START Given records
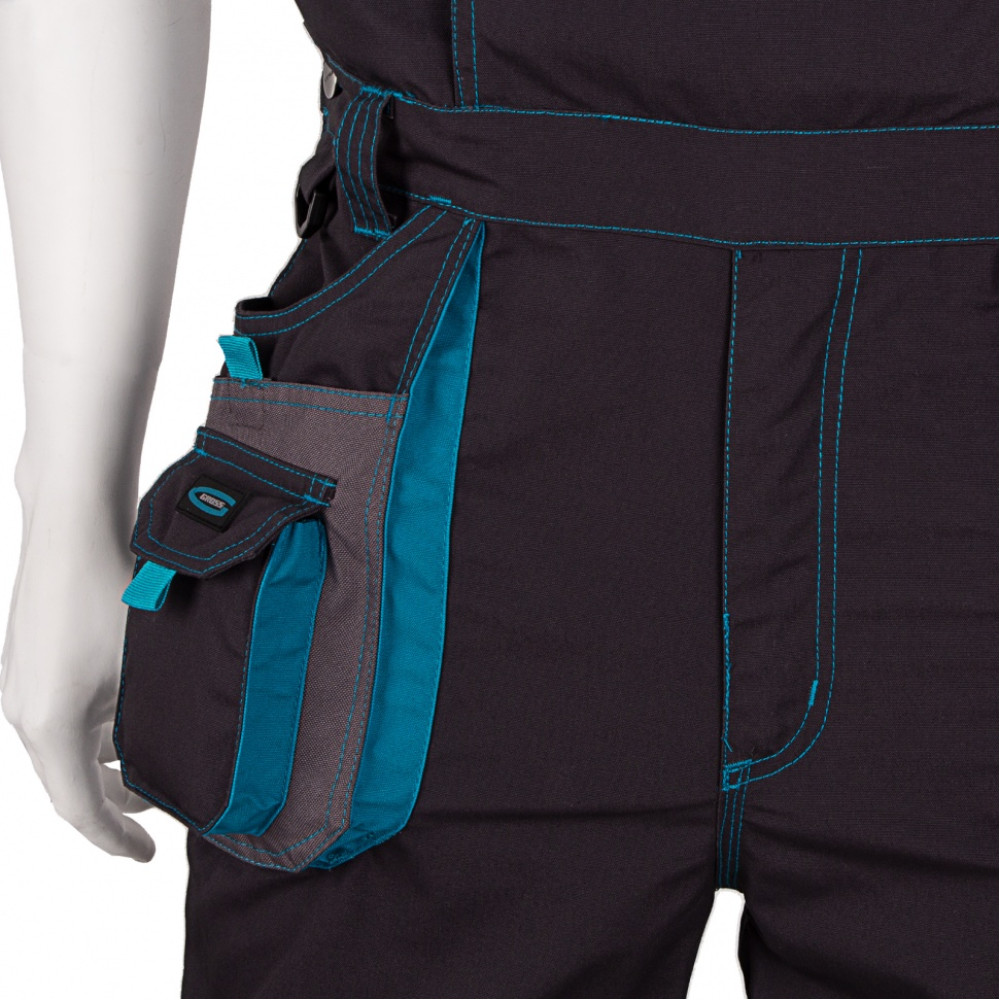 Полукомбинезон Gross 90353 размера L рассчитан на рост 179-185 см и предназначен для защиты рабочего от механических повреждений, ветра и пыли. Может применяться в отапливаемых помещениях или на улице в теплое время года. Изготовлен из смесовой ткани с 35%-м содержанием хлопка, которая не препятствует воздухообмену, поэтому в полукомбинезоне комфортно работать. На 65% ткань состоит из полиэстера, что обеспечивает износостойкость спецодежды. В 14 карманах можно разместить инструменты и необходимые мелочи. Полукомбинезон необходим строителям, электрикам, садовникам, сотрудникам автосервисов, а также рабочим других специальностей.
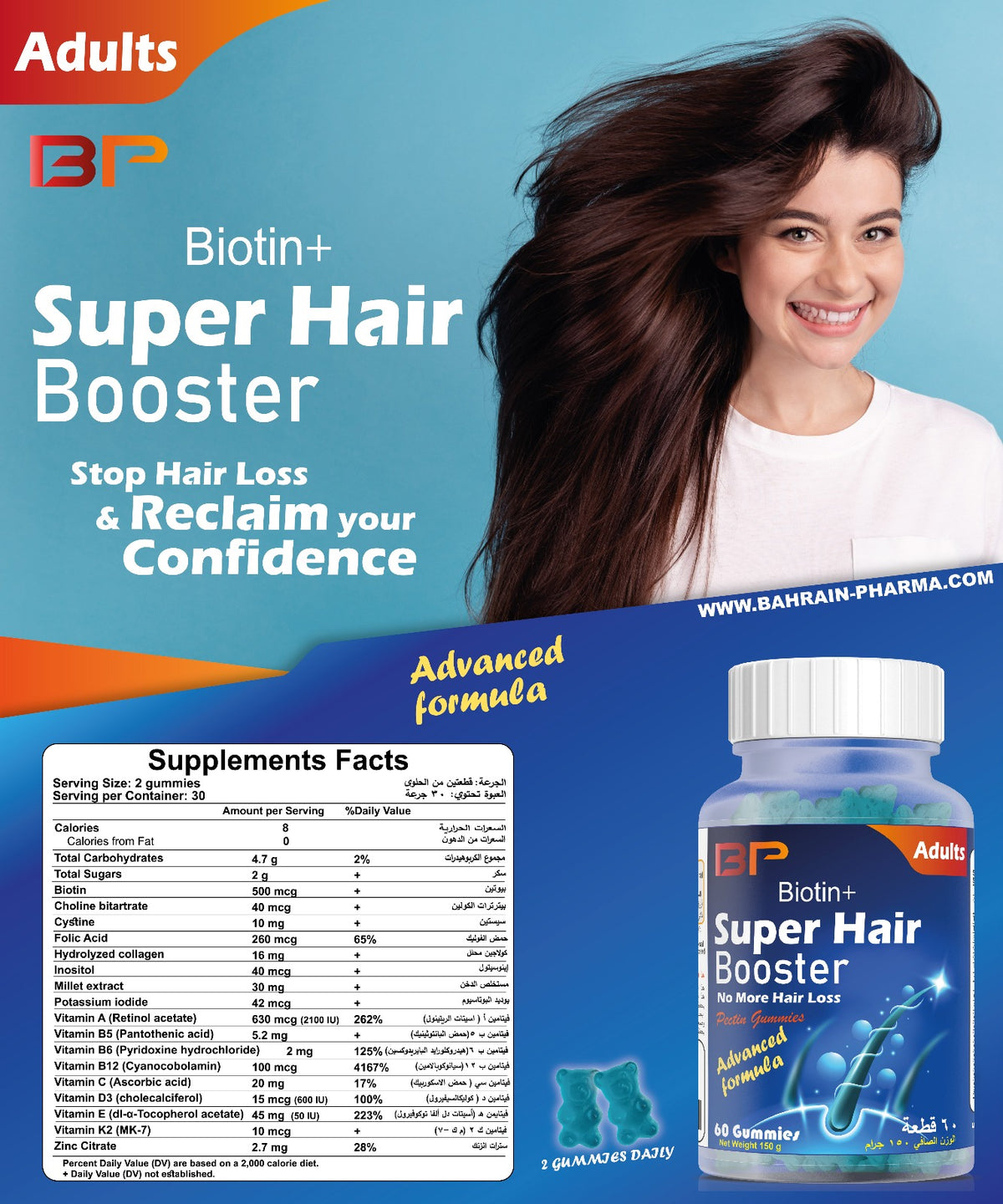 البيوتين + معزز الشعر الفائق - 60 علكة
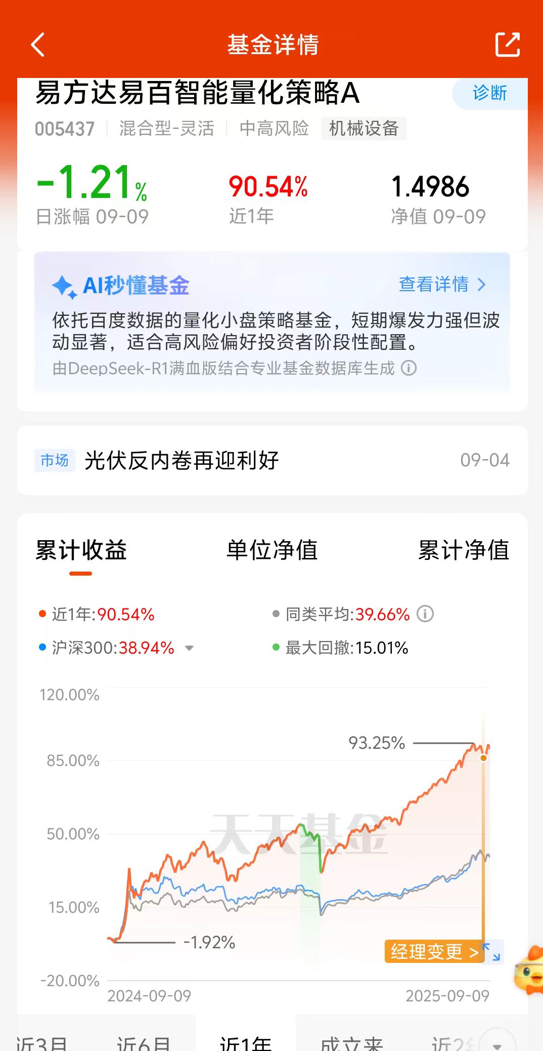 大盘今天反弹上涨,大科技板块表现不错,近期市场波动比较大,各大板块轮动速度也比较快,量化产品还不错,$易方达易百智能量化策略A(OTCFUND|005437)$近三个月涨了20.40%,近一年涨了90.54%,不论是短期还是中长期业绩都不错,量化产品可以高频调仓,不怕行业轮动,长期跑赢大盘,而且牛市的时候可以放大收益,看好这个方向,我准备分批加仓了!
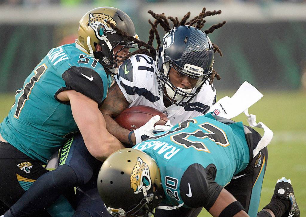 Wilson, meanwhile, had the fourth game of his seven-year career with at least three interceptions. He finished 17-for-31 passing for 271 yards and three touchdowns, too. He also had a running back produce more than he did on the ground for just about the first time this season. Mike Davis had 66 yards on 15 carries — then injured his rib in the second half and did not return. That left the Seahawks in full-pass mode, and Jacksonville able to tilt its defense accordingly.
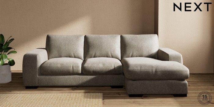 7.0.3 Buy Houghton Deep Relaxed Sit Medium Sofa Chaise - Right Hand Cotswold Chenille Mid Mink Brown Large Square Angle - Dark from the Next UK online shop Click here to use our accessible website
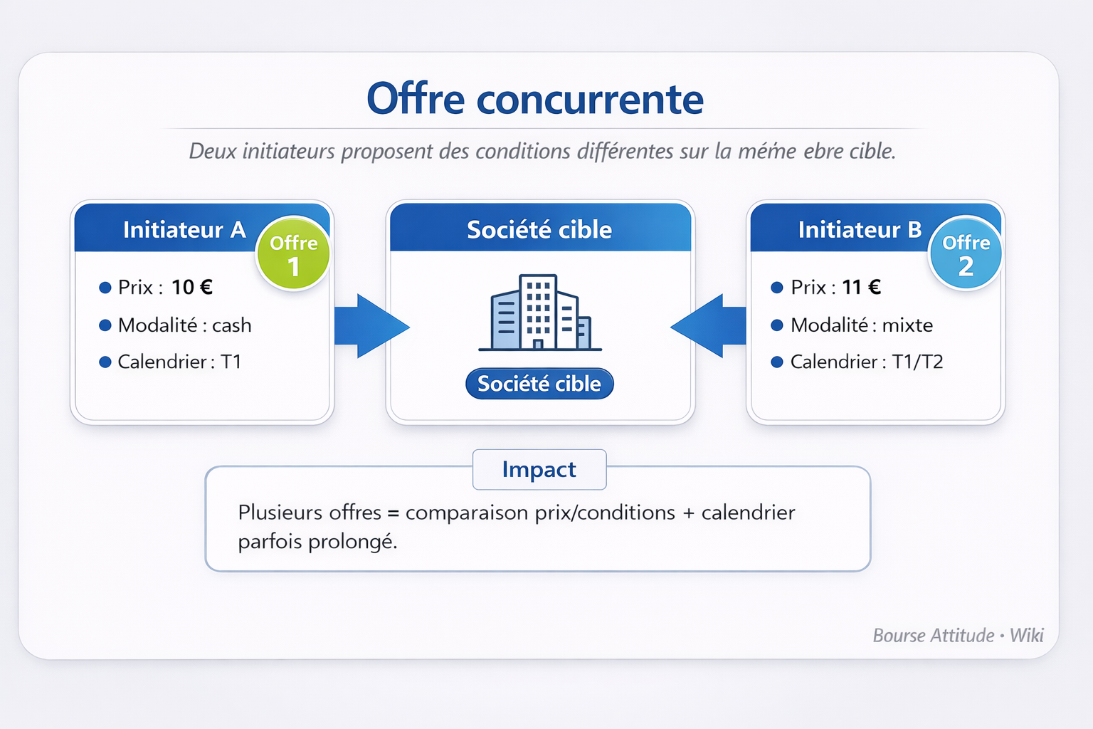 Une offre concurrente apparaît lorsqu’un autre initiateur (un concurrent, un fonds, un industriel…) propose une offre sur la même société, pendant que l’offre initiale est en cours ou juste après son lancement.
END Given records
__Task to carry out__
The records above should be copied word for word, with the pictures left out.

__Output__
 Полукомбинезон Gross 90353 размера L рассчитан на рост 179-185 см и предназначен для защиты рабочего от механических повреждений, ветра и пыли. Может применяться в отапливаемых помещениях или на улице в теплое время года. Изготовлен из смесовой ткани с 35%-м содержанием хлопка, которая не препятствует воздухообмену, поэтому в полукомбинезоне комфортно работать. На 65% ткань состоит из полиэстера, что обеспечивает износостойкость спецодежды. В 14 карманах можно разместить инструменты и необходимые мелочи. Полукомбинезон необходим строителям, электрикам, садовникам, сотрудникам автосервисов, а также рабочим других специальностей.
 البيوتين + معزز الشعر الفائق - 60 علكة
 大盘今天反弹上涨,大科技板块表现不错,近期市场波动比较大,各大板块轮动速度也比较快,量化产品还不错,$易方达易百智能量化策略A(OTCFUND|005437)$近三个月涨了20.40%,近一年涨了90.54%,不论是短期还是中长期业绩都不错,量化产品可以高频调仓,不怕行业轮动,长期跑赢大盘,而且牛市的时候可以放大收益,看好这个方向,我准备分批加仓了!
 Wilson, meanwhile, had the fourth game of his seven-year career with at least three interceptions. He finished 17-for-31 passing for 271 yards and three touchdowns, too. He also had a running back produce more than he did on the ground for just about the first time this season. Mike Davis had 66 yards on 15 carries — then injured his rib in the second half and did not return. That left the Seahawks in full-pass mode, and Jacksonville able to tilt its defense accordingly.
 7.0.3 Buy Houghton Deep Relaxed Sit Medium Sofa Chaise - Right Hand Cotswold Chenille Mid Mink Brown Large Square Angle - Dark from the Next UK online shop Click here to use our accessible website
 Une offre concurrente apparaît lorsqu’un autre initiateur (un concurrent, un fonds, un industriel…) propose une offre sur la même société, pendant que l’offre initiale est en cours ou juste après son lancement.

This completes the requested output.